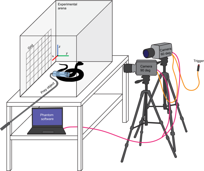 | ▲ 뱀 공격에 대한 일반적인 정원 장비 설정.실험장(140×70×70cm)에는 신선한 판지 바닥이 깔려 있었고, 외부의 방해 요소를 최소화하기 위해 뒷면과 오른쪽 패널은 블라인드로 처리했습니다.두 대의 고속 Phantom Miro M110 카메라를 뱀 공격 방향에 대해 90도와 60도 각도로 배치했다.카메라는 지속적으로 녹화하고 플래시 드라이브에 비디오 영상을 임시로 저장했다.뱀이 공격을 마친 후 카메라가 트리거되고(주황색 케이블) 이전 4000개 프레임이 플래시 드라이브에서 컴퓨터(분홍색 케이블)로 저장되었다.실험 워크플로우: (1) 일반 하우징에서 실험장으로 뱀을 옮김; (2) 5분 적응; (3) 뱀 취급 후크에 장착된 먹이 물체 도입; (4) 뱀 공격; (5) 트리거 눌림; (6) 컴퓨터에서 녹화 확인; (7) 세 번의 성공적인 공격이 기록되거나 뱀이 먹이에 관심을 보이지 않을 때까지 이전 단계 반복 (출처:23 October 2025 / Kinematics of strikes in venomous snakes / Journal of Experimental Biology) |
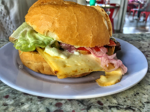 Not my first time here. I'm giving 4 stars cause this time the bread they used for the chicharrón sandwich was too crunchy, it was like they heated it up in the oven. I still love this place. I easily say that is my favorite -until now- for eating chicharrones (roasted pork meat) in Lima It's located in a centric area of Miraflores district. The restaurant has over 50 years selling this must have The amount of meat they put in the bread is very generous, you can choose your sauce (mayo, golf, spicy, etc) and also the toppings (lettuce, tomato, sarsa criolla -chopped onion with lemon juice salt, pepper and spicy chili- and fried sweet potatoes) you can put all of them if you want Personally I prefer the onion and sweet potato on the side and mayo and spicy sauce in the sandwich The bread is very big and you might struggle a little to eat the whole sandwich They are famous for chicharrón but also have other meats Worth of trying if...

--

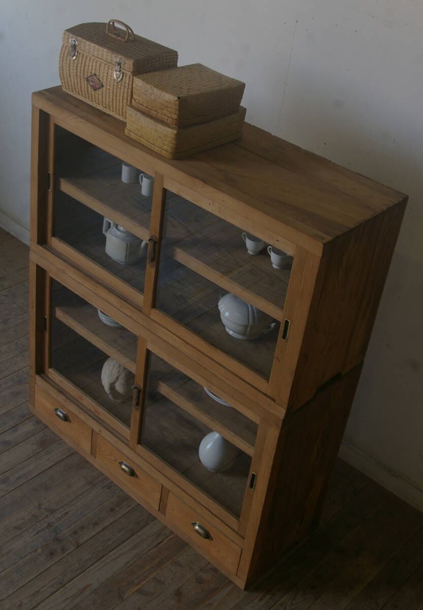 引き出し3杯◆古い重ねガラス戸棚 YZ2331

Required work:
From the records above, transcribe only the stretch from the line with "Experimental Biology) |" through the line with "Not my first", keeping both ends. Omit pictures.

Response to this task:
 | ▲ 뱀 공격에 대한 일반적인 정원 장비 설정.실험장(140×70×70cm)에는 신선한 판지 바닥이 깔려 있었고, 외부의 방해 요소를 최소화하기 위해 뒷면과 오른쪽 패널은 블라인드로 처리했습니다.두 대의 고속 Phantom Miro M110 카메라를 뱀 공격 방향에 대해 90도와 60도 각도로 배치했다.카메라는 지속적으로 녹화하고 플래시 드라이브에 비디오 영상을 임시로 저장했다.뱀이 공격을 마친 후 카메라가 트리거되고(주황색 케이블) 이전 4000개 프레임이 플래시 드라이브에서 컴퓨터(분홍색 케이블)로 저장되었다.실험 워크플로우: (1) 일반 하우징에서 실험장으로 뱀을 옮김; (2) 5분 적응; (3) 뱀 취급 후크에 장착된 먹이 물체 도입; (4) 뱀 공격; (5) 트리거 눌림; (6) 컴퓨터에서 녹화 확인; (7) 세 번의 성공적인 공격이 기록되거나 뱀이 먹이에 관심을 보이지 않을 때까지 이전 단계 반복 (출처:23 October 2025 / Kinematics of strikes in venomous snakes / Journal of Experimental Biology) |
 Not my first time here. I'm giving 4 stars cause this time the bread they used for the chicharrón sandwich was too crunchy, it was like they heated it up in the oven. I still love this place. I easily say that is my favorite -until now- for eating chicharrones (roasted pork meat) in Lima It's located in a centric area of Miraflores district. The restaurant has over 50 years selling this must have The amount of meat they put in the bread is very generous, you can choose your sauce (mayo, golf, spicy, etc) and also the toppings (lettuce, tomato, sarsa criolla -chopped onion with lemon juice salt, pepper and spicy chili- and fried sweet potatoes) you can put all of them if you want Personally I prefer the onion and sweet potato on the side and mayo and spicy sauce in the sandwich The bread is very big and you might struggle a little to eat the whole sandwich They are famous for chicharrón but also have other meats Worth of trying if...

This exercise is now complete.